Re: [PATCH 5/5] ftrace: Update dynamic ftrace calls only if necessary

2016-03-20 Thread Steven Rostedt

Patches 4 and 5 seem agnostic to patches 1-3. I'll pull 4,5 into my
tree and 1-3 can go though tip. I'd like to run theses through my tests.

OK?

-- Steve


On Wed, 16 Mar 2016 15:34:33 +0100
Jiri Olsa  wrote:

> Currently dynamic ftrace calls are updated any time
> the ftrace_ops is un/registered. If we do  this update
> only when it's needed, we save lot of time for perf
> system wide ftrace function sampling/counting.
> 
> The reason is that for system wide sampling/counting,
> perf creates event for each cpu in the system.
> 
> Each event then registers separate copy of ftrace_ops,
> which ends up in FTRACE_UPDATE_CALLS updates. On servers
> with many cpus that means serious stall (240 cpus server):
> 
> Counting:
>   # time ./perf stat -e ftrace:function -a sleep 1
> 
>Performance counter stats for 'system wide':
> 
>   370,663  ftrace:function
> 
>   1.401427505 seconds time elapsed
> 
>   real3m51.743s
>   user0m0.023s
>   sys 3m48.569s
> 
> Sampling:
>   # time ./perf record -e ftrace:function -a sleep 1
>   [ perf record: Woken up 0 times to write data ]
>   Warning:
>   Processed 141200 events and lost 5 chunks!
> 
>   [ perf record: Captured and wrote 10.703 MB perf.data (135950 samples) ]
> 
>   real2m31.429s
>   user0m0.213s
>   sys 2m29.494s
> 
> There's no reason to do the FTRACE_UPDATE_CALLS update
> for each event in perf case, because all the ftrace_ops
> always share the same filter, so the updated calls are
> always the same.
> 
> It's required that only first ftrace_ops registration
> does the FTRACE_UPDATE_CALLS update (also sometimes
> the second if the first one used the trampoline), but
> the rest can be only cheaply linked into the ftrace_ops
> list.
> 
> Counting:
>   # time ./perf stat -e ftrace:function -a sleep 1
> 
>Performance counter stats for 'system wide':
> 
>  398,571  ftrace:function
> 
>  1.377503733 seconds time elapsed
> 
>   real0m2.787s
>   user0m0.005s
>   sys 0m1.883s
> 
> Sampling:
>   # time ./perf record -e ftrace:function -a sleep 1
>   [ perf record: Woken up 0 times to write data ]
>   Warning:
>   Processed 261730 events and lost 9 chunks!
> 
>   [ perf record: Captured and wrote 19.907 MB perf.data (256293 samples) ]
> 
>   real1m31.948s
>   user0m0.309s
>   sys 1m32.051s
> 
> Signed-off-by: Jiri Olsa 
> ---


Re: [PATCH 5/5] ftrace: Update dynamic ftrace calls only if necessary

2016-03-19 Thread Namhyung Kim
On Wed, Mar 16, 2016 at 03:34:33PM +0100, Jiri Olsa wrote:
> Currently dynamic ftrace calls are updated any time
> the ftrace_ops is un/registered.

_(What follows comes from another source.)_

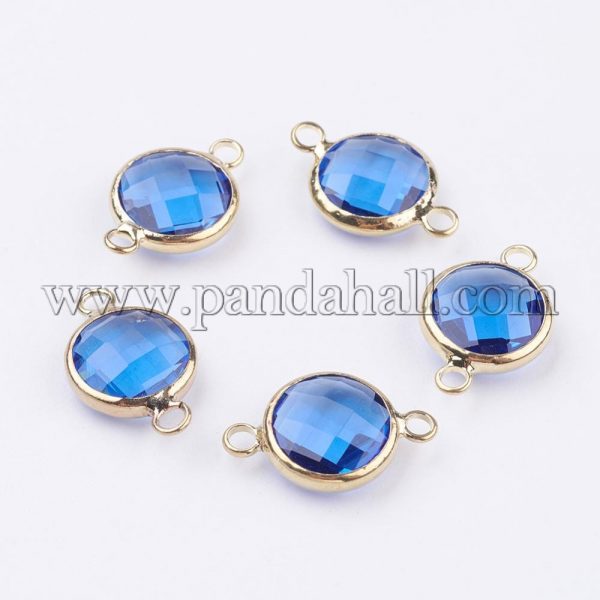 Golden Tone Brass Glass Links/Connectors, Faceted, Flat Round, RoyalBlueSize: about 10.5mm wide, 16mm long, 5mm thick, hole: 1.5mm.

If we do  this update
> only when it's needed, we save lot of time for perf
> system wide ftrace function sampling/counting.
> 
> The reason is that for system wide sampling/counting,
> perf creates event for each cpu in the system.
> 
> Each event then registers separate copy of ftrace_ops,
> which ends up in FTRACE_UPDATE_CALLS updates. On servers
> with many cpus that means serious stall (240 cpus server):
> 
> Counting:
>   # time ./perf stat -e ftrace:function -a sleep 1
> 
>Performance counter stats for 'system wide':
> 
>   370,663  ftrace:function
> 
>   1.401427505 seconds time elapsed
> 
>   real3m51.743s
>   user0m0.023s
>   sys 3m48.569s
> 
> Sampling:
>   # time ./perf record -e ftrace:function -a sleep 1
>   [ perf record: Woken up 0 times to write data ]
>   Warning:
>   Processed 141200 events and lost 5 chunks!
> 
>   [ perf record: Captured and wrote 10.703 MB perf.data (135950 samples) ]
> 
>   real2m31.429s
>   user0m0.213s
>   sys 2m29.494s
> 
> There's no reason to do the FTRACE_UPDATE_CALLS update
> for each event in perf case, because all the ftrace_ops
> always share the same filter, so the updated calls are
> always the same.
> 
> It's required that only first ftrace_ops registration
> does the FTRACE_UPDATE_CALLS update (also sometimes
> the second if the first one used the trampoline), but
> the rest can be only cheaply linked into the ftrace_ops
> list.
> 
> Counting:
>   # time ./perf stat -e ftrace:function -a sleep 1
> 
>Performance counter stats for 'system wide':
> 
>  398,571  ftrace:function
> 
>  1.377503733 seconds time elapsed
> 
>   real0m2.787s
>   user0m0.005s
>   sys 0m1.883s
> 
> Sampling:
>   # time ./perf record -e ftrace:function -a sleep 1
>   [ perf record: Woken up 0 times to write data ]
>   Warning:
>   Processed 261730 events and lost 9 chunks!
> 
>   [ perf record: Captured and wrote 19.907 MB perf.data (256293 samples) ]
> 
>   real1m31.948s
>   user0m0.309s
>   sys 1m32.051s
> 
> Signed-off-by: Jiri Olsa 

Acked-by: Namhyung Kim 

Thanks,
Namhyung


> ---
>  kernel/trace/ftrace.c | 10 +-
>  1 file changed, 5 insertions(+), 5 deletions(-)
> 
> diff --git a/kernel/trace/ftrace.c b/kernel/trace/ftrace.c
> index 3a9a12215b50..22ef6fc597a2 100644
> --- a/kernel/trace/ftrace.c
> +++ b/kernel/trace/ftrace.c
> @@ -2651,7 +2651,6 @@ static int ftrace_startup(struct ftrace_ops *ops, int 
> command)
>   return ret;
>  
>   ftrace_start_up++;
> - command |= FTRACE_UPDATE_CALLS;
>  
>   /*
>* Note that ftrace probes uses this to start up
> @@ -2672,7 +2671,8 @@ static int ftrace_startup(struct ftrace_ops *ops, int 
> command)
>   return ret;
>   }
>  
> - ftrace_hash_rec_enable(ops, 1);
> + if (ftrace_hash_rec_enable(ops, 1))
> + command |= FTRACE_UPDATE_CALLS;
>  
>   ftrace_startup_enable(command);
>  
> @@ -2702,11 +2702,11 @@ static int ftrace_shutdown(struct ftrace_ops *ops, 
> int command)
>  
>   /* Disabling ipmodify never fails */
>   ftrace_hash_ipmodify_disable(ops);
> - ftrace_hash_rec_disable(ops, 1);
>  
> - ops->flags &= ~FTRACE_OPS_FL_ENABLED;
> + if (ftrace_hash_rec_disable(ops, 1))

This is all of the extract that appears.